Meaning that in the context of this specific problem:

\(\displaystyle \dfrac{w^9}{w^{21}}=w^{9-21}=w^{-12}=\dfrac{1}{w^{12}}\)

Now, personally I find rules and formulas, in and of themselves, to be fairly unhelpful, because such a rule or formula often very quickly becomes some magical, mystical thing you memorize and it works but you'll be darned if you know how or why. Instead, I find that a much better way to approach it is to think about what the concept really means, and by doing so you'll actually derive the formula or rule.

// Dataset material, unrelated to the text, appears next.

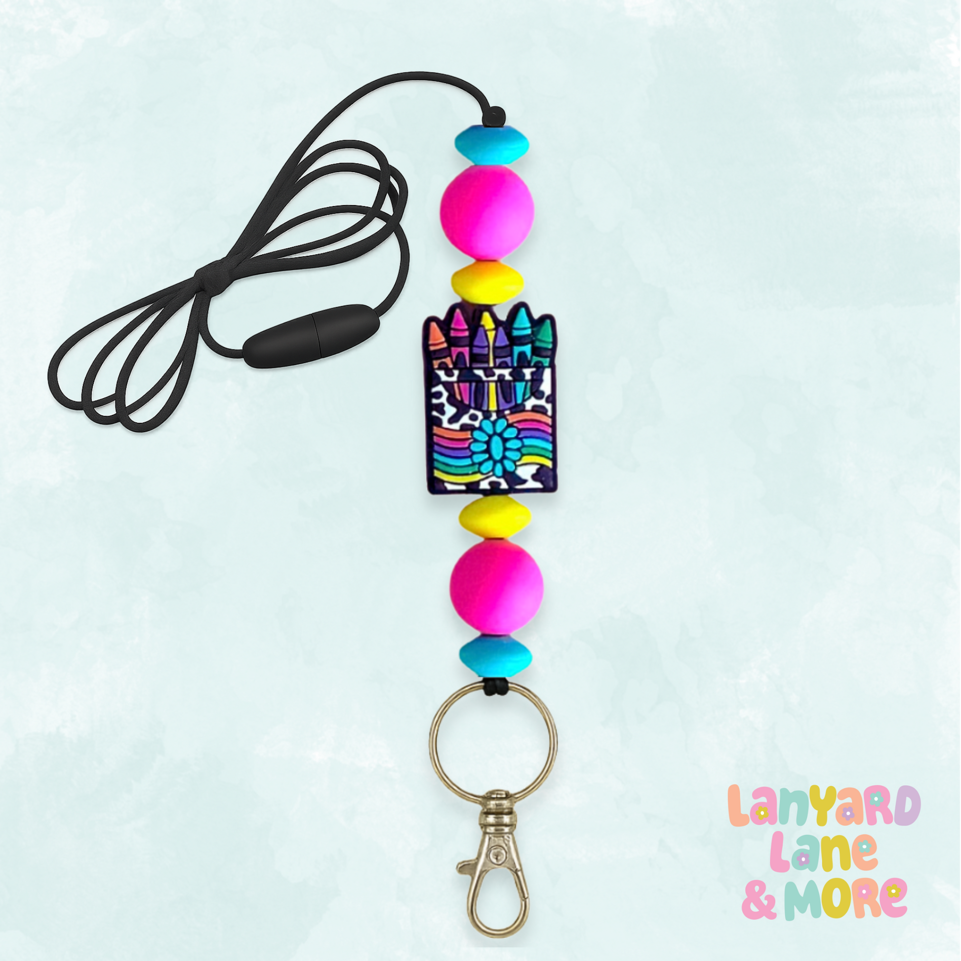 Add a pop of playful color to your everyday essentials with our Color Me Happy Lanyard 🎨. Featuring bold neon beads in pink, yellow, and teal, paired with a cheerful rainbow crayon box focal bead, this lanyard is a must-have for teachers, artists, and anyone who loves a little extra brightness in their day.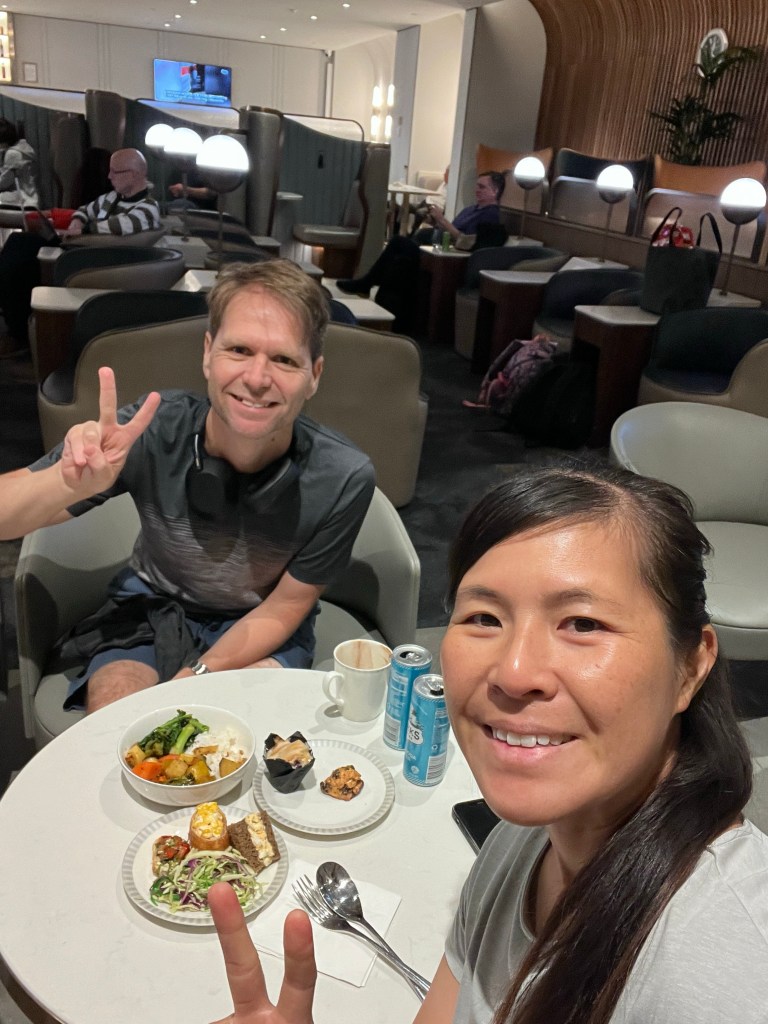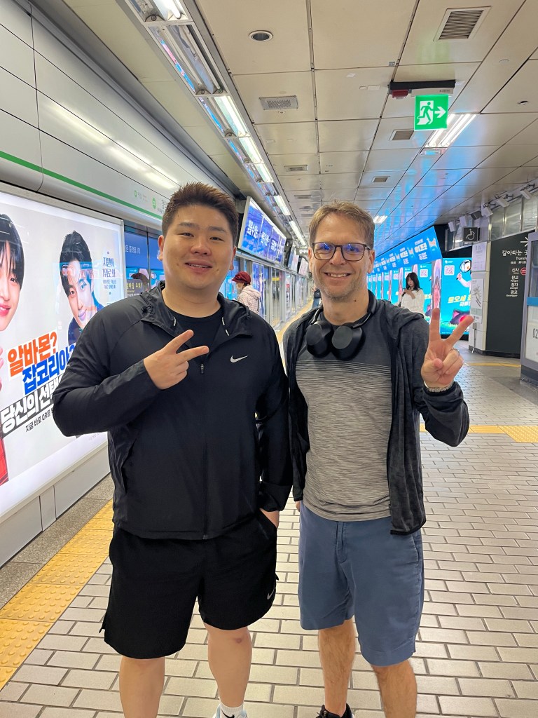 After two business class flights thanks to frequent flyer points, we arrive in Seoul a little after 7am and decide to catch the airport bus. We buy the bus tickets 2 minutes before it’s due to depart and spend the next 90 seconds sprinting with our luggage to the bus, not realising the platform is right down the other end of the terminal. Note to self, don’t buy buy bus tickets if they are due to depart with less than 5 minutes to spare!

This problem deals with powers, so let's review what a power really is and what it means. Raising a number to some power is essentially just repeated multiplication. So, \(\displaystyle w^n\) is really \(\displaystyle w \cdot w \cdot w \cdot ... \cdot w\) with n copies of w. Accordingly, we can rewrite the expression in the penultimate step:

\(\displaystyle \dfrac{w^9}{w^{21}}=\dfrac{w \cdot w \cdot w \cdot w \cdot w \cdot w \cdot w \cdot w \cdot w}{w \cdot w \cdot w \cdot w \cdot w \cdot w \cdot w \cdot w \cdot w \cdot w \cdot w \cdot w \cdot w \cdot w \cdot w \cdot w \cdot w \cdot w \cdot w \cdot w \cdot w}\)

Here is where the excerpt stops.